As Alberta moves to complete the build-out of its recovery model, it is clear the province is leading a movement that is reshaping addiction treatment and mental health care across the country. While it is too early to reach final conclusions, the early signs are encouraging. Alberta led the country with a 38% decline in opioid-related deaths in 2024, more than double the national average decline of 17%. The first five months of 2025 are also showing fewer deaths relative to 2024. However, the Alberta model is not without its critics, particularly among proponents of harm reduction who argue that supervised consumption sites and safe supply help save lives. 
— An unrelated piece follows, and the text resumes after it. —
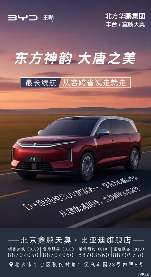 当东方美学邂逅纯电科技,比亚迪大唐以磅礴气韵定义 D + 级纯电 SUV 新格调,北京鑫鹏天奥旗舰店邀您共赏匠心之作!

Premier Danielle Smith and her United Conservative government’s Alberta Recovery Model is reorienting Alberta’s addiction treatment and mental health care system away from harm reduction toward a recovery-oriented system of care in response to the drug overdose epidemic sweeping the country. It is one example of many from a government that is quick to embrace big systemic changes and bold moves, such as creating new institutions and dissolving others. 

A recovery-oriented system of care provides a continuum of services and supports, from prevention and intervention to treatment and recovery. It differs from harm reduction in that it moves beyond managing the negative health effects of addiction and mental illness to focus on recovery and reintegration into society as the end goal of addiction treatment and mental health care. 

Since 2019, Alberta has created more than 10,000 new publicly funded addiction treatment spaces, increasing the supply by 55%, from 19,000 to more than 29,000 spaces. Alberta is also investing $350 million to build 11 Recovery Communities to provide comprehensive addiction treatment with a focus on helping people rebuild their lives, find stable jobs, and reintegrate into their community. Four of these communities are open in Calgary, Red Deer, Lethbridge, and Gunn. All 11 communities, which include five in partnership with Indigenous communities, are expected to be complete by 2027.  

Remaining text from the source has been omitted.